Find the volume of the body obtained by rotating a right-angled triangle ABC with legs 15 and 20 around
Find the volume of the body obtained by rotating a right-angled triangle ABC with legs 15 and 20 around the perpendicular to the hypotenuse, carried through the apex of the larger acute angle B
In a right-angled triangle ABC, according to the Pythagorean theorem, we determine the length of the hypotenuse AB. AB ^ 2 = AC ^ 2 + BC ^ 2 = 400 + 225 = 625. AB = 25 cm.
The segment AB is the radius of the circle of the truncated cone obtained during rotation.
Savs = BC * AC / 2 = 15 * 20/2 = 150 cm2.
Also Savs = AB * CH / 2.
CH = 2 * Savs / AB = 2 * 150/25 = 12 cm.
In a right-angled triangle BCH, BH ^ 2 = BC ^ 2 – CH ^ 2 = 225 – 144 = 81.
ВН = OС = 9 cm.
BH is the radius of the upper circle, CH is the height of the cone.
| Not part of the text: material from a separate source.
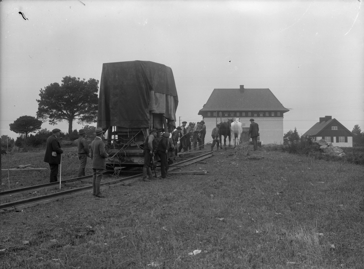 Transport av transformator till Enköpings kraftstation, 1915. Vy från nuvarande Kabelgatan, Enköping, mot väster.
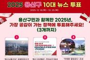 [인천광역신문] 박진 기자 | 서울 용산구가 구민이 직접 올해 가장 의미 있었던 정책을 선정하는 ‘2025 용산구 10대 뉴스’ 온라인 투표를 진행한다. 주민 투표를 통해 정책 성과를 돌아보고, 구정에 대한 관심과 공감을 높이겠다는 취지다. 이번 투표에는 총 25개 주요 정책 사업이 후보로 올랐다. 참여 주민은 이 가운데 3개 사업을 선택하면 되며, 득표수를 합산해 상위 10개 사업을 ‘2025 용산구 10대 뉴스’로 최종 선정한다. 투표 결과는 12월 29일 용산구 누리집을 통해 발표될 예정이다. 후보 정책에는 용산의 중·장기 미래 경쟁력을 좌우할 대형 사업부터 주민 일상과 밀접한 생활 정책까지 폭넓게 포함됐다. 용산국제업무지구 도시개발사업인 ‘용산서울코어’와 전자상가 일대를 AI·ICT 콘텐츠 중심의 신산업 거점으로 육성하는 ‘용산 코어밸리’가 대표적이다. 이태원전망대에서 녹사평광장, 구청사 힐링정원으로 이어지는 ‘이태원 힐링로드’ 조성 사업 역시 도심 속 휴식 공간을 조성하는 주요 정책으로 포함됐다. 경제·교육 분야에서는 △취업박람회 기술인력 양성 등 청년·중장년 취·창업 지원 확대 △골목상권 공동체 및

Determine the volume of the truncated cone.
V1 = π * CH (AB ^ 2 + OS ^ 2 + AB * OС) / 3 = π * 12 * (625 + 81 + 225) / 3 = π * 3724 cm3.
Let us determine the volume of the SDV cone.
V2 = π * OC ^ 2 * CH / 3 = π * 81 * 12/3 = π * 324 cm3.
Then the volume of the rotation figure is: V = V1 – V2 = π * 3724 – π * 324 = π * 3400 cm3.
Answer: The volume of the rotation figure is π * 3400 cm3.